Nathan Labenz: (2:19:43) He so, Jan, like I said that someone, I guess, an individual person broke through all 8 levels, but not yet with a universal jailbreak. So 1 person broke all 8, but not
Nicholas Carlini: (2:19:55) Okay. That's the same Okay. Great. Okay. Yeah. That's good to know. Yeah. No. And so I think right. So what this tells you for Lisa's defense is, you know, it it can be broken at the very least even right now using the, you know, for for any individual component. And, if what you were guarding was national secrets, this is probably not good enough. But in order to prevent In security, we have the concept of a script kitty, which is just someone who's not very intelligent and just copies scripts from someone else that they put online and just uses this to go cause havoc. And they're not going to able to develop anything new themselves, but they sort of have the tools in front of them and they can run them. And you could be worried about this in language models where someone just like has access to the forum that just like has the jailbreak that like will jailbreak any model. They copy and paste that and then they go and do whatever harm they want. This would not be very good and we should prevent against this. Partial progress is always helpful even if you haven't solved the problem completely. But the point to remember that this is the problem we're setting out to solve, which is only a subset of the entire problem. We're not gonna declare victory once we've succeeded here and we're not gonna put all of our effort into solving this 1 subset of the problem. We're try and solve everything at the same time too, but partial progress is still progress.

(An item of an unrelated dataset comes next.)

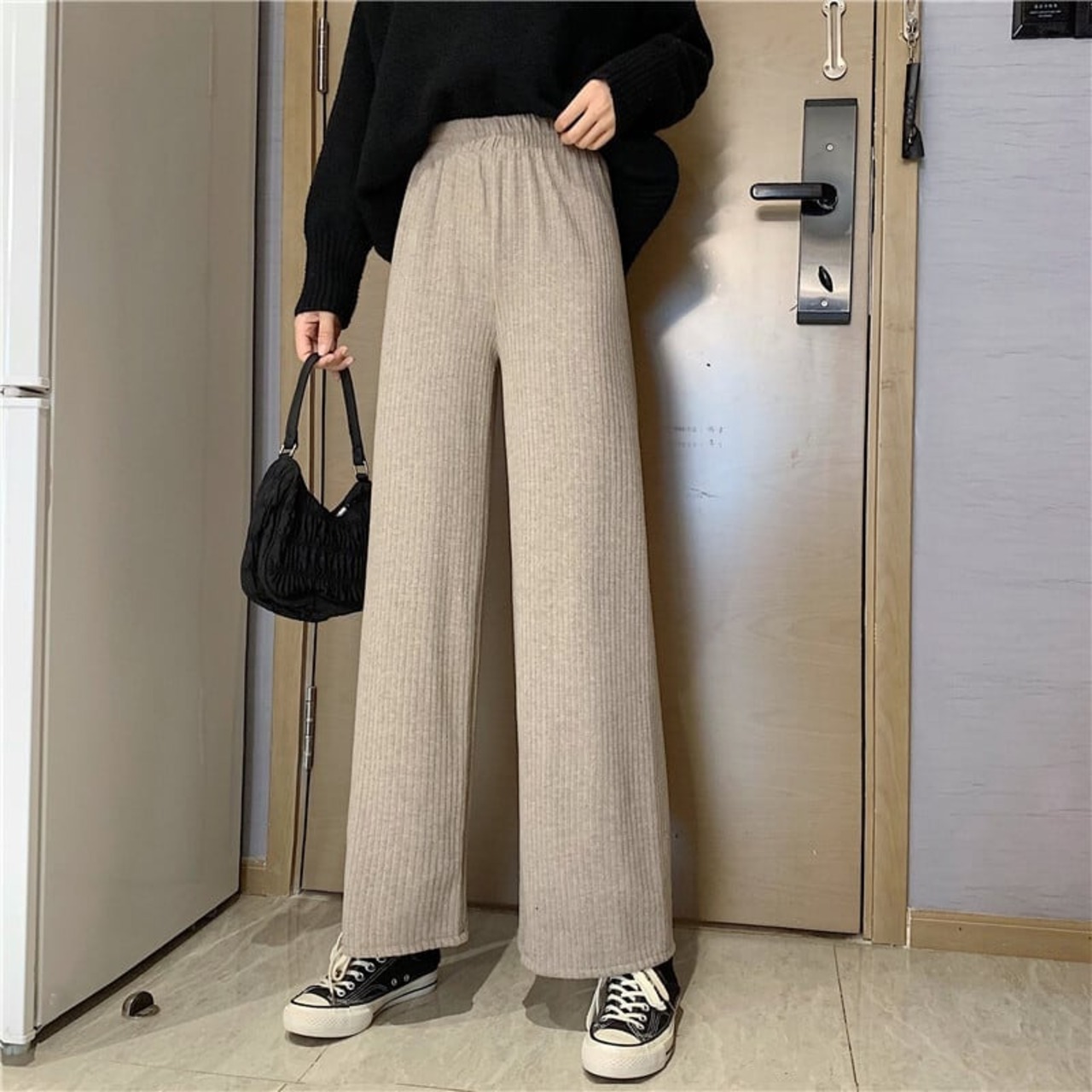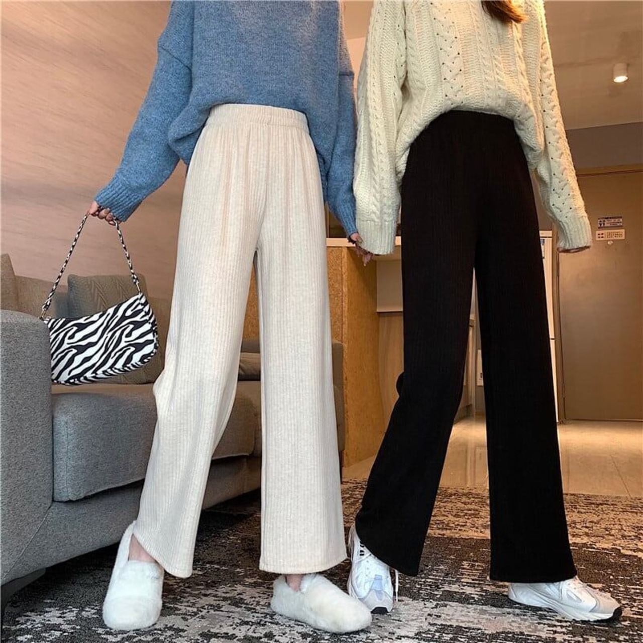 カジュアル ストリート 無地 3色選択可 ハイウエスト ワイドパンツ<ins-2800>
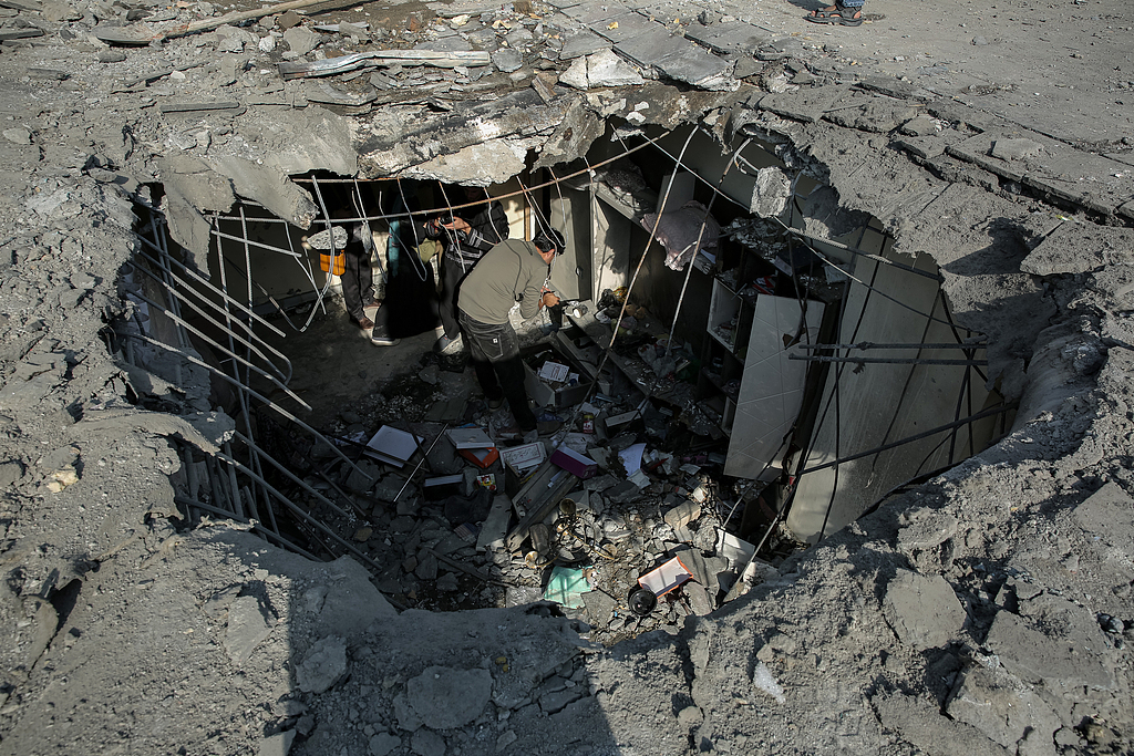 当地时间2025年10月16日,阿富汗喀布尔,人们查看一栋据称在巴基斯坦空袭中受损的建筑。 视觉中国 图

Nathan Labenz: (2:21:08) 1 thing you said there that I thought was really interesting and maybe you can just expand on a bit is really wanting to know. I feel like so much of human performance in these domains kinda comes down to, did you really want to know or not? Any reflections on the importance of really wanting to know?
Nicholas Carlini: (2:21:28) Yeah. I mean, it's like, okay. So some people say, you know, why is it so easy for someone to attack a defense after it's been published than it's than the person who initially built it? And I think, like, maybe half of the answer is because it's very hard after you've spent 6 months building something that you really want to work to actually change your frame of mind and be like, now I really want to break it. Because like, what do you get if you break it? Like you get like not a paper because like no 1 accepts a paper that is like, here's an idea I had, by the way, doesn't People really want to believe in their ideas and they feel really strong that their ideas are the right ideas. That's why they worked on the paper. They spent 6 months on this asking that same person to then like, okay, now completely change your frame of mind. Imagine this is some other thing that really you need to want to break this. It's a hard thing to do. And I think part of this is beneficial to why you have lots of people to do these security analysis of things, because you want to know the answer. I feel like this is a thing that people in security have had to deal with for a very long time. And this is why companies have red teams and these kinds of things, because they understand that there is a different set of skills for security and there is a different set of incentives. And so it's valuable for splitting these things up. It might be hard for 1 person to do this, but an organization can at least put inside the right principles that can make this be possible sometimes if it's done correctly. It seems like for the most part, for most companies who are doing this kind of work, they actually do want to know the answer. I've talked with most of the people in most of these places and for the most part, the security people, they're trying their best like, to add like, get these things as good as possible. And, like, they're trying to set these things up in the right way because they actually don't know the answer and they want to figure it out.
Nathan Labenz: (2:23:14) I certainly have over time been very impressed by Anthropic in particular when it comes to repeatedly doing things that seem like they really want to know. And this does seem, you know, very consistent with that. How do you think this if we circle back to the sort of maybe the hardest question that I think is gonna face the AI community writ large over the next honestly, I don't think it's gonna be very super long time, but timelines may vary. The hardest question being, is there any way to avoid the concentration of power that comes with just a few companies having the weights and it being totally locked down and nobody else being able to do stuff with the problems that seem likely to arise if we open source GPT 5 level models that have all these, you know, different threat models. You know, it seems like we don't have any way right now to square the circle of, like, locking down the open source models. And it it almost seems like it's you know, given how all the you know, everything we've just walked through in all this detail, like, it seems hard to imagine that you could even set up some sort of, like, mandatory testing or whatever that would give you enough confidence, you know, that then it would be okay. Because it seems like yeah. Did you really wanna know and who did you have do it? And, you know, you've got the sort of bond rater problem that we've seen, you know, another the credit with the agency that's getting paid by the model developer to do the certification. We've all these problems. Where does that leave us? I mean, it seems like we're just in a really tough spot there. Is there any out or any recommendation or is the bottom line just simply that if you open source stuff, you have to be prepared for the fact that the fullness of its capability probably will be exposed?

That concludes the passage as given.